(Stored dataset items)
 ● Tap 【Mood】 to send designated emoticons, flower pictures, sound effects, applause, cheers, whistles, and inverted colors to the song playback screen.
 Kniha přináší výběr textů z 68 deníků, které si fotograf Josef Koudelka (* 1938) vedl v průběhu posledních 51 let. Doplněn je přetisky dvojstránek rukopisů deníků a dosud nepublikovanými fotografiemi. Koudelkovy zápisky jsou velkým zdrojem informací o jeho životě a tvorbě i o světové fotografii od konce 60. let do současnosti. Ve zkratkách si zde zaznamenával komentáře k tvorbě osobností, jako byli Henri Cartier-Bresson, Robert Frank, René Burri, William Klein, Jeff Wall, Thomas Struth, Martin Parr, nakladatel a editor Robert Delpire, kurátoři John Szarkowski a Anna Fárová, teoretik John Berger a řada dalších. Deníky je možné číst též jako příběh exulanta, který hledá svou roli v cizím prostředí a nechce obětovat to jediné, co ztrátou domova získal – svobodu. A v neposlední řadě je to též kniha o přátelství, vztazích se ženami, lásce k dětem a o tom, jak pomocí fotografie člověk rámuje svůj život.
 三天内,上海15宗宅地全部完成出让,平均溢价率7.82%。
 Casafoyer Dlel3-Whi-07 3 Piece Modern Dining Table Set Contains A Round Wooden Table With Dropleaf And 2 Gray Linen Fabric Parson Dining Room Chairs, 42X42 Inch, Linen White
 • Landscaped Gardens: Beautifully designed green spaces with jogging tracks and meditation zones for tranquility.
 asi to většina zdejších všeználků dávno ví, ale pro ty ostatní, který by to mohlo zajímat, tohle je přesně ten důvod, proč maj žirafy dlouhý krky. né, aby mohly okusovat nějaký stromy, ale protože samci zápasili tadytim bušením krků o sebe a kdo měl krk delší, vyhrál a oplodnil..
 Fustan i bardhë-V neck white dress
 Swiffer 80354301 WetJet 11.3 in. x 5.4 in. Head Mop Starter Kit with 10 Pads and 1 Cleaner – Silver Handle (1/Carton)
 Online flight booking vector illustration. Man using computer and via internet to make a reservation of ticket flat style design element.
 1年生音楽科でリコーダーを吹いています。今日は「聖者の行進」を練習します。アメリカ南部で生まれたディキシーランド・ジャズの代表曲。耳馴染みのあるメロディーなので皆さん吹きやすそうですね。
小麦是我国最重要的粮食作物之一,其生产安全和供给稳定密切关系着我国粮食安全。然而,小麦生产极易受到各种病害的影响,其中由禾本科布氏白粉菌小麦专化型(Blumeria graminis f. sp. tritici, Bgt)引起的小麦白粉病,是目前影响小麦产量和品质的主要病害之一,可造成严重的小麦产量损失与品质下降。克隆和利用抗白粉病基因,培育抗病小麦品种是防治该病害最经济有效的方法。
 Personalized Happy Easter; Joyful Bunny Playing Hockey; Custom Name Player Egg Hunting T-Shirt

** WHAT YOU HAVE TO DO **
Take the entries above and return only the lines from the one with "Online flight booking" to the one with "1年生音楽科でリコーダーを吹", both included, unchanged.

** RESULT FOR THIS TASK **
 Online flight booking vector illustration. Man using computer and via internet to make a reservation of ticket flat style design element.
 1年生音楽科でリコーダーを吹いています。今日は「聖者の行進」を練習します。アメリカ南部で生まれたディキシーランド・ジャズの代表曲。耳馴染みのあるメロディーなので皆さん吹きやすそうですね。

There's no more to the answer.